Mendoza believed the farthest the two groups
could go at this time is political cooperation, which could explain
the support by leftwing activists to Muslim issues during street
protests.
While concerns over the potentials of the
cooperation between the NPA and the MILF are downplayed by the
police and military, there have been reports that the alliance has
moved to combat cooperation.
An October, 2002 report received by the
PNP-Intelligence Group’s Mindanao office indicated that a
joint force of MILF and NPA rebels was responsible for the
raid on the Maco PNP station in Compostela Valley a month earlier.

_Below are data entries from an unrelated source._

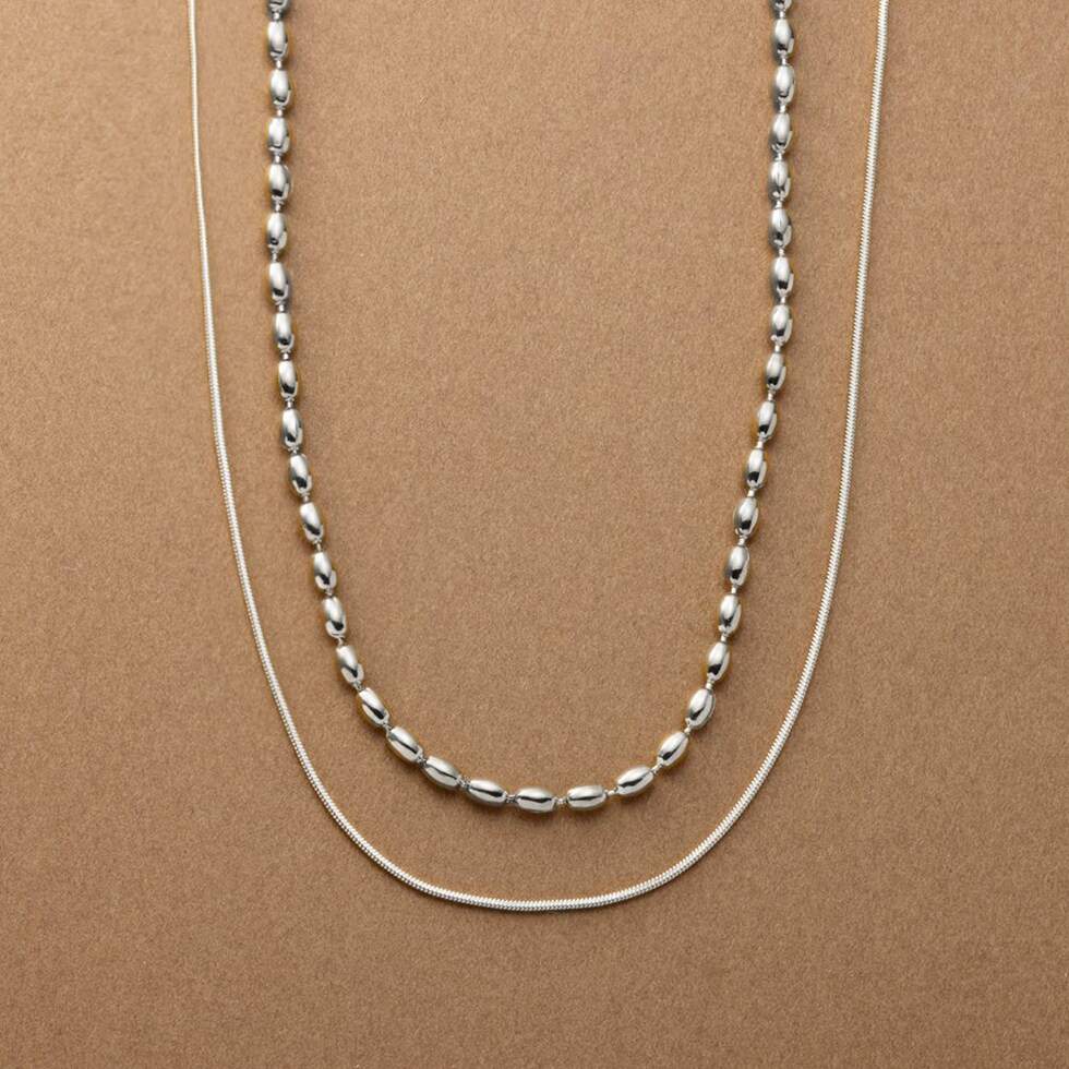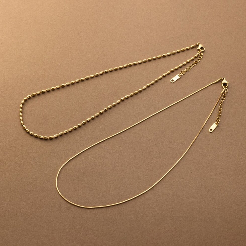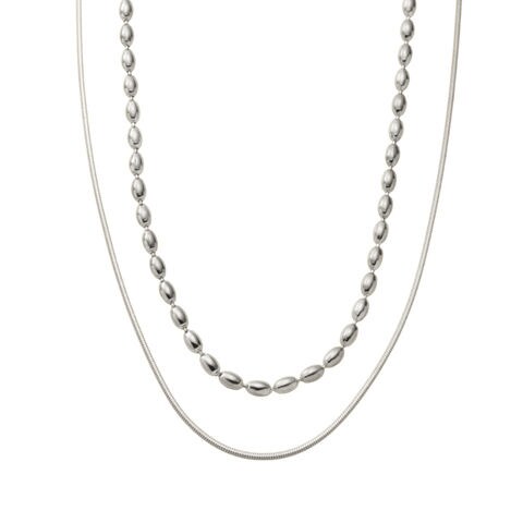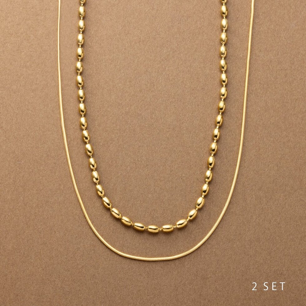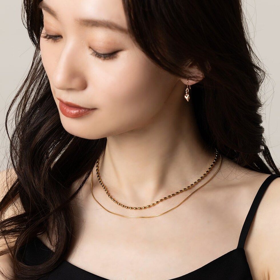 ドロップ&スネークチェーンの2セットネックレス。重ねての着用はもちろん、それぞれ単品でもお使い頂ける嬉しい3WAY仕様◎錆びにくく傷に強いステンレス製で、デイリーに使える組み合わせが嬉しいひと品です。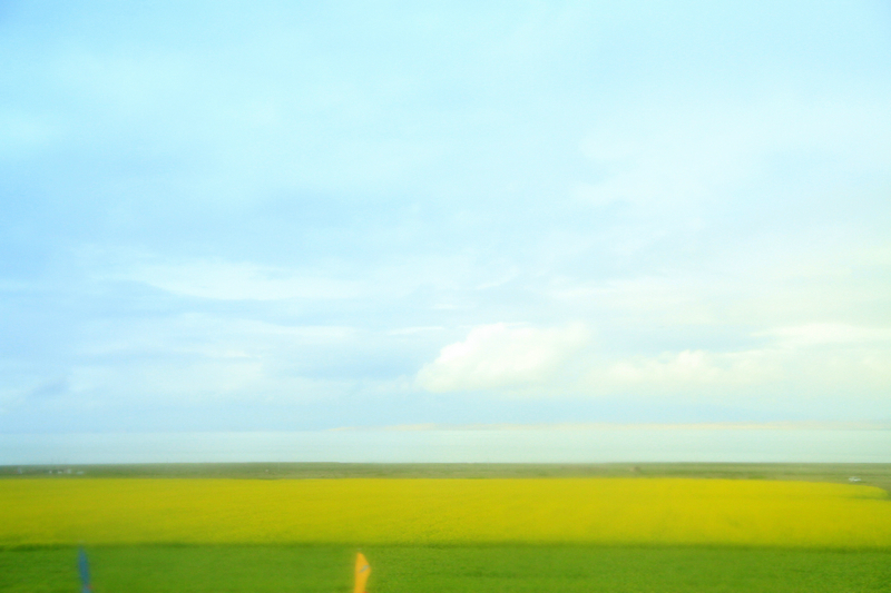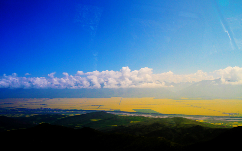 前往青海湖 的路上,天边乌云密布,大雨倾盆。车窗起雾了,窗外的梯田油菜花变得模糊。铺天盖地的油菜花田,满眼的金黄翠绿令我惊叹。即使是隔窗观花,我也为这些青山黄花按下了快门,而那起雾的车窗像天然的柔光镜。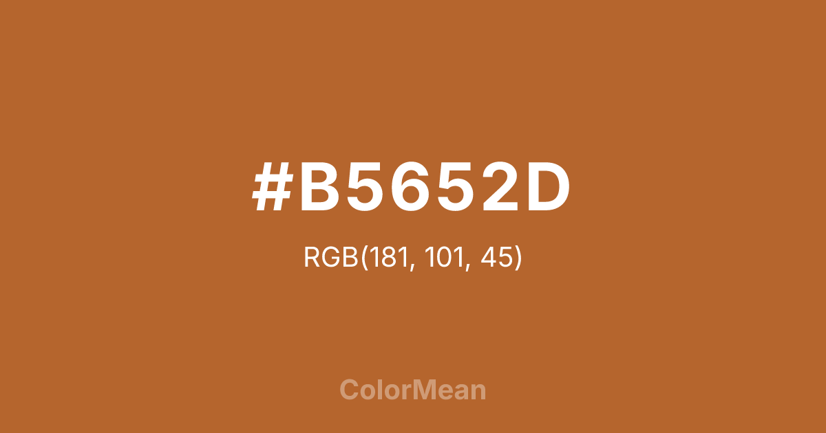 #B5652D RGB value is (181, 101, 45). The hex color red value is 181, green is 101, and blue is 45. Its HSL format shows a hue of 25°, saturation of 60 percent, and lightness of 44 percent. The CMYK process values are 0 percent, 44 percent, 75 percent, 29 percent.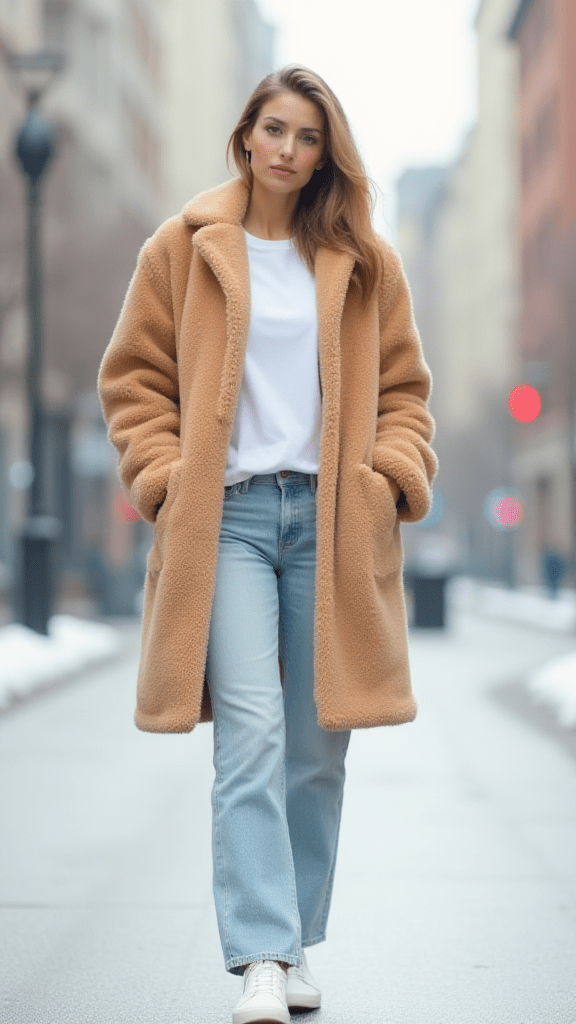 This outfit focuses on softness and ease. A teddy coat feels warm and comforting, while straight-leg jeans keep the outfit simple and classic.

The raiders supposedly divided the firearms
confiscated from the attack.
A 2001 report, meanwhile, indicated that an
NPA-MILF team attacked two cargo vessels docked at the Tadeco Wharf
in San Pedro, Davao del Norte.
“Allegedly, these atrocities serve as a decoy
and [are] also designed to divert the attention of the AFP and PNP
forces from the trouble spots in Mindanao,” Medoza’s study
said.
The alliance has so far survived despite the
perceived differences between the two groups. The MILF, led by the
reclusive Hashim Salamat, has long split up with Nur Misuari’s
MNLF. The communist party, meanwhile, was rocked by internal
quarrels in the early 1990s over how to carry out the protracted
armed struggle.
Today, different factions in the communist
movement are actively courting the Muslim guerrilla leadership.

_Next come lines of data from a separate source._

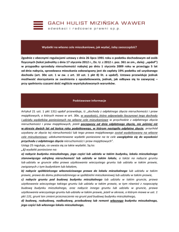 Wydatki na własne cele mieszkaniowe, jak wydać, żeby zaoszczędzić? Zgodnie z obecnymi regulacjami ustawy z dnia 26 lipca 1991 roku o podatku dochodowym od osób fizycznych (tekst jednolity z dnia 17 stycznia 2012 r., Dz. U. z 2012 r. poz. 361 ze zm., dalej: „updof”) w przypadku sprzedaży nieruchomości nabytej po dniu 1 stycznia 2009 roku w przeciągu 5 lat od dnia nabycia, sprzedawca mieszkania zobowiązany jest do zapłaty 19% podatku od uzyskanego dochodu (art. 30e ust. 1 w zw. z art. 10 ust. 1 pkt 8) lit. a updof). Ustawa przewiduje jednak możliwość skorzystania ze zwolnienia z opodatkowania, jednak, jak odbywa się to zazwyczaj – przy spełnieniu czasami dość mgliście wyartykułowanych warunków. Podstawowe informacje Artykuł 21 ust. 1 pkt 131) updof przewiduje, iż „dochody z odpłatnego zbycia nieruchomości i praw majątkowych, o których mowa w art. 30e, w wysokości, która odpowiada iloczynowi tego dochodu i udziału wydatków poniesionych na własne cele mieszkaniowe w przychodzie z odpłatnego zbycia nieruchomości i praw majątkowych, jeżeli począwszy od dnia odpłatnego zbycia, nie później niż w okresie dwóch lat od końca roku podatkowego, w którym nastąpiło odpłatne zbycie, przychód uzyskany ze zbycia tej nieruchomości lub tego prawa majątkowego został wydatkowany na własne cele mieszkaniowe; udokumentowane wydatki poniesione na te cele uwzględnia się do wysokości przychodu z odpłatnego zbycia nieruchomości i praw majątkowych”. Ustęp 25 reguluje, co uważa się za takie wydatki. Są to: „1) wydatki poniesione na: a) nabycie budynku mieszkalnego, jego części lub udziału w takim budynku, lokalu mieszkalnego stanowiącego odrębną nieruchomość lub udziału w takim lokalu, a także na nabycie gruntu lub udziału w gruncie albo prawa użytkowania wieczystego gruntu lub udziału w takim prawie, związanych z tym budynkiem lub lokalem, b) nabycie spółdzielczego własnościowego prawa do lokalu mieszkalnego lub udziału w takim prawie, prawa do domu jednorodzinnego w spółdzielni mieszkaniowej lub udziału w takim prawie, c) nabycie gruntu pod budowę budynku mieszkalnego lub udziału w takim gruncie, prawa użytkowania wieczystego takiego gruntu lub udziału w takim prawie, w tym również z rozpoczętą budową budynku mieszkalnego, oraz nabycie innego gruntu lub udziału w gruncie, prawa użytkowania wieczystego gruntu lub udziału w takim prawie, jeżeli w okresie, o którym mowa w ust. 1 pkt 131, grunt ten zmieni przeznaczenie na grunt pod budowę budynku mieszkalnego, d) budowę, rozbudowę, nadbudowę, przebudowę lub remont własnego budynku mieszkalnego, jego części lub własnego lokalu mieszkalnego, GACH, HULIST, MIZIŃSKA, WAWER – ADWOKACI I RADCOWIE PRAWNI SP.P. e) rozbudowę, nadbudowę, przebudowę lub adaptację na cele mieszkalne własnego budynku niemieszkalnego, jego części, własnego lokalu niemieszkalnego lub własnego pomieszczenia niemieszkalnego - położonych w państwie członkowskim Unii Europejskiej lub w innym państwie należącym do Europejskiego Obszaru Gospodarczego albo w Konfederacji Szwajcarskiej;” Artykuł 21 ust. 26 updof stanowi z kolei, iż: „Przez własny budynek, lokal lub pomieszczenie, o których mowa w ust. 25 pkt 1 lit. d i e, rozumie się budynek, lokal lub pomieszczenie stanowiące własność lub współwłasność podatnika lub do którego podatnikowi przysługuje spółdzielcze własnościowe prawo do lokalu, prawo do domu jednorodzinnego w spółdzielni mieszkaniowej lub udział w takich prawach.” Biorąc pod uwagę takie brzmienie przepisów pojawić się może kilka wątpliwości natury praktycznej. Wynajem – tak czy nie? Organy podatkowe: raz tak, raz nie Organy w wydawanych interpretacjach podatkowych nie są zgodne co do tego, czy realizacja „własnych celów mieszkaniowych” obejmuje li tylko sytuacje nabycia nieruchomości w celu zamieszkania przez samego podatnika, czy też podatnik ten może nieruchomość tę nabyć dla siebie a następnie wynająć w części albo w całości mając np. zamiar przyszłego zamieszkania w nieruchomości. Dyrektor Izby Skarbowej w Katowicach w wydanej dnia 7 grudnia 2011 roku w sprawie o sygn. akt IBPBII/2/415-1004/11/ŁCz interpretacji indywidualnej stwierdził np., że „Realizacja własnych celów mieszkaniowych winna polegać na tym, że w przypadku nabycia nowej nieruchomości to w niej podatnik faktycznie winien takie cele realizować. Tymczasem w opisanym we wniosku zdarzeniu wnioskodawczyni wskazała, iż zakupiony lokal mieszkalny zamierza wynająć. (…) Już z literalnego brzmienia powyższego przepisu jednoznacznie wynika, że przeznaczając lokal mieszkalny na wynajem innej osobie lub osobom wnioskodawczyni nie spełnia przesłanki określonej w art. 21 ust. 1 pkt 131 ustawy o podatku dochodowym od osób fizycznych obligującej wnioskodawczynię do zaspokajania własnych potrzeb mieszkaniowych w nowo nabytym lokalu mieszkalnym. Tym samym w nieruchomości tej cele mieszkaniowe realizować będzie nie wnioskodawczyni, lecz najemca lokalu mieszkalnego. Powyższe oznacza, że w żadnej mierze nie można pogodzić tak przedstawionego zdarzenia z przesłanką wynikającą z art. 21 ust. 1 pkt 131 ustawy. O własnych potrzebach nie sposób mówić, gdy podatnik zakupił lokal mieszkalny w celach najmu całości lub części i istotnie wynajmuje lokal mieszkalny w celach zarobkowych.”. Wojewódzki Sąd Administracyjny Łodzi w wyroku z dnia 24 lutego 2012 roku orzekł, iż przeznaczenie przychodu ze zbycia nieruchomości na nabycie lokalu mieszkalnego w celu jego odsprzedaży lub wynajmu nie uprawnia do skorzystania ze zwolnienia podatkowego (I SA/Łd 1639/11). Podobne rozstrzygnięcie zapadło w Wyroku Wojewódzkiego Sądu Administracyjnego w Łodzi z dnia 12 września 2012 roku, sygn. akt I SA/Łd 874/12: „Wydatkowanie przychodu z odpłatnego zbycia nieruchomości zgodnie z treścią art. 21 ust. 25 pkt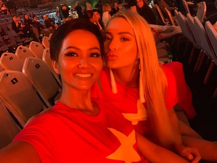 Dù tất bật chuẩn bị cho buổi thi chung kết nhưng trước trận chung kết AFF Cup ngày 15-12, H'Hen và hoa hậu Mỹ đã mặc áo in cờ Việt Nam gửi lời chúc đội tuyển chiến thắng. Hành động này đã khiến một lượng lớn fan của bóng đá yêu quý cô nồng nhiệt.
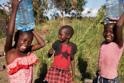 きれいな水を嬉しそうに運ぶ、避難生活を送る子どもたち。 |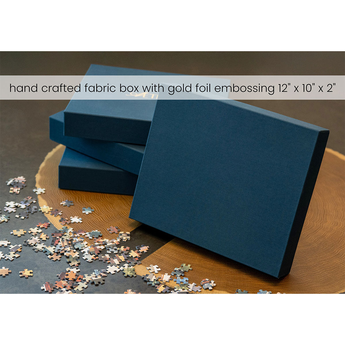 - Premium textured fabric box with gold foil embossing

Those supporting Jose Maria Sison controls the
triboundary area of Lanao del Sur, Lanao de Norte and Maguindanao
with the assistance of MILF vice chairman for internal affairs Aleem
Abdulaziz Mimbantas. The “communist rejectionists” lord it
over North Cotabato, parts of Sultan Kudarat, the Zamboanga
peninsula, the Caraga region, Sarangani and Davao del Sur through
Ghadzali Jaafar, MILF vice chairman for political affairs.

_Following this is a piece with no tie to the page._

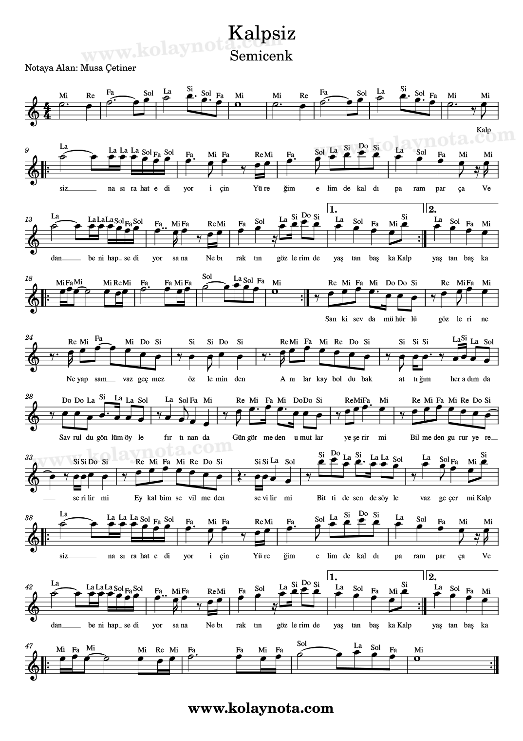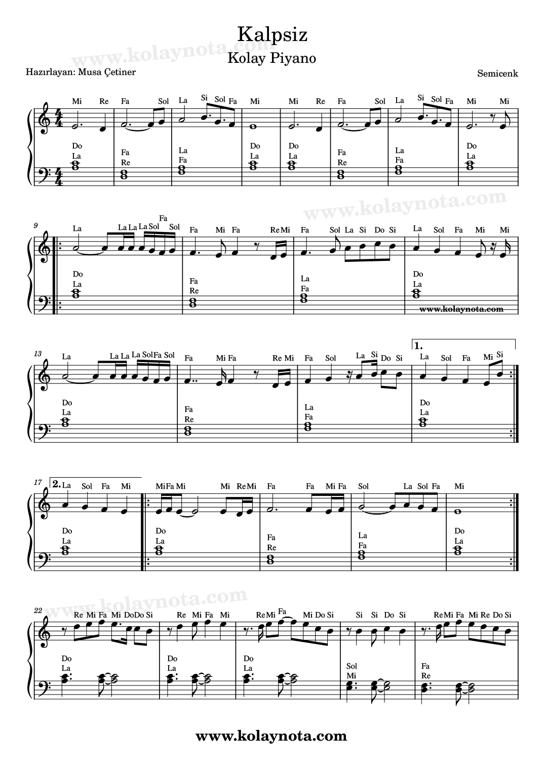 Kalpsiz – Kolay Nota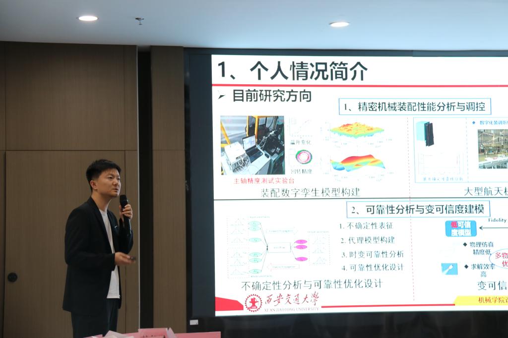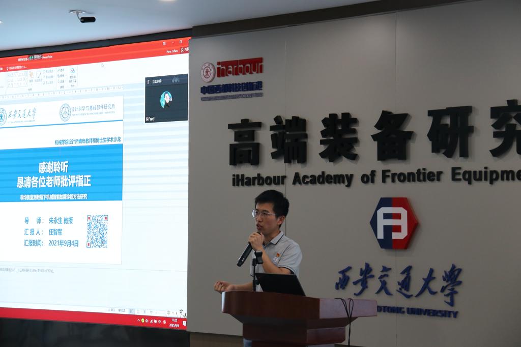 之后,博士研究生周意葱、杨彬、杨浩、任智军、刘坤鹏、潘燕分别就自己的科研工作,做了“装配界面结构-性能一体化设计理论与方法”、“域不对称下的机械装备局部迁移智能诊断方法”、“新型防污剂自分泌表面的制备及其防污减阻机理研究”、“非均衡监测数据下机械智能故障诊断方法研究”、“多波束干涉获得任意阶数涡旋阵列的研究”、“知识与数据联合的油液不确定状态表征方法”的报告。参加沙龙的老师与同学从各自的视角开展深度思想碰撞、频频发问,从问与答中迸发出创新的灵感火花。

The link has provided the MILF with an
alternative source of psychological support despite the stepped-up
military and police operations and the growing solidarity among
governments against terrorism, including the MILF’s long-time
backers in the Middle East, as a result of the Sept. 11 attack on
the United States.
“We give and get all assistance possible,”
Kabalu said.
“The statement of Madlos that the NPA will
stage sympathetic attacks is all propaganda,” Garcia insisted,
adding that resources and attention are being directed at
determining the location of the various MILF commands in the
Mindanao to make the most recent campaign against the Muslim rebels
effective.
The military is claiming that at least 13 MILF
fighters have been killed since the military offensive began last
week. Garcia said the operations had been effective due to accurate
intelligence reports on the positions of the MILF.
Murad appeared as dismissive of the victories
claimed by the Armed
Forces, saying more MILF rebels get killed in
chance encounters than in the bombardment.
“We can take the bombardment, we have bunkers
to hide in,” Murad said.
He acknowledged the limitations of the alliance
but stressed its potential.
“It’s always possible to go beyond classroom
training, but we haven’t reached that point yet,” he said.